_Exercise prompt_: Produce a verbatim copy of the data below that contains no pictures.

(Data block begins)

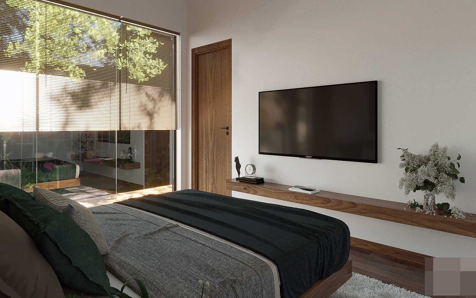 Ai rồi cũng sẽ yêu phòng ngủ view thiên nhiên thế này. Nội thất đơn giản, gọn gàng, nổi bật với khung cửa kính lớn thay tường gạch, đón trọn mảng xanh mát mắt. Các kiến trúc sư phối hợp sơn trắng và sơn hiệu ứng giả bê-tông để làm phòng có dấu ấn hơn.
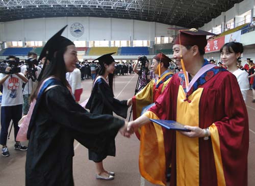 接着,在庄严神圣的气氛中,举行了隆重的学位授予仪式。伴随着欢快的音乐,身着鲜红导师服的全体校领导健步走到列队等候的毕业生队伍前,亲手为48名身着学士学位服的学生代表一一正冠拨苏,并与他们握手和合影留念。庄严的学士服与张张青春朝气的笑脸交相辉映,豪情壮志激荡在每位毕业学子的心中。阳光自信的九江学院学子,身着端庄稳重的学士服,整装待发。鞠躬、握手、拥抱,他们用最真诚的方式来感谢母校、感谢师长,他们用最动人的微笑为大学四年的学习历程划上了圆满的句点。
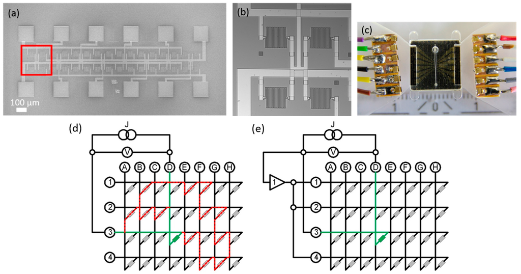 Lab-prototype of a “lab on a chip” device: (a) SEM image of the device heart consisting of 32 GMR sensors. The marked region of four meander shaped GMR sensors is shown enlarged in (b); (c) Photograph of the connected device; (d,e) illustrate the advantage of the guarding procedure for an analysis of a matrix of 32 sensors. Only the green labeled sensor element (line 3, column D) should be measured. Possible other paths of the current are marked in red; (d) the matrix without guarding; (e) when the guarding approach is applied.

(Data block ends)

_Finished task_:
 Ai rồi cũng sẽ yêu phòng ngủ view thiên nhiên thế này. Nội thất đơn giản, gọn gàng, nổi bật với khung cửa kính lớn thay tường gạch, đón trọn mảng xanh mát mắt. Các kiến trúc sư phối hợp sơn trắng và sơn hiệu ứng giả bê-tông để làm phòng có dấu ấn hơn.
 接着,在庄严神圣的气氛中,举行了隆重的学位授予仪式。伴随着欢快的音乐,身着鲜红导师服的全体校领导健步走到列队等候的毕业生队伍前,亲手为48名身着学士学位服的学生代表一一正冠拨苏,并与他们握手和合影留念。庄严的学士服与张张青春朝气的笑脸交相辉映,豪情壮志激荡在每位毕业学子的心中。阳光自信的九江学院学子,身着端庄稳重的学士服,整装待发。鞠躬、握手、拥抱,他们用最真诚的方式来感谢母校、感谢师长,他们用最动人的微笑为大学四年的学习历程划上了圆满的句点。
 Lab-prototype of a “lab on a chip” device: (a) SEM image of the device heart consisting of 32 GMR sensors. The marked region of four meander shaped GMR sensors is shown enlarged in (b); (c) Photograph of the connected device; (d,e) illustrate the advantage of the guarding procedure for an analysis of a matrix of 32 sensors. Only the green labeled sensor element (line 3, column D) should be measured. Possible other paths of the current are marked in red; (d) the matrix without guarding; (e) when the guarding approach is applied.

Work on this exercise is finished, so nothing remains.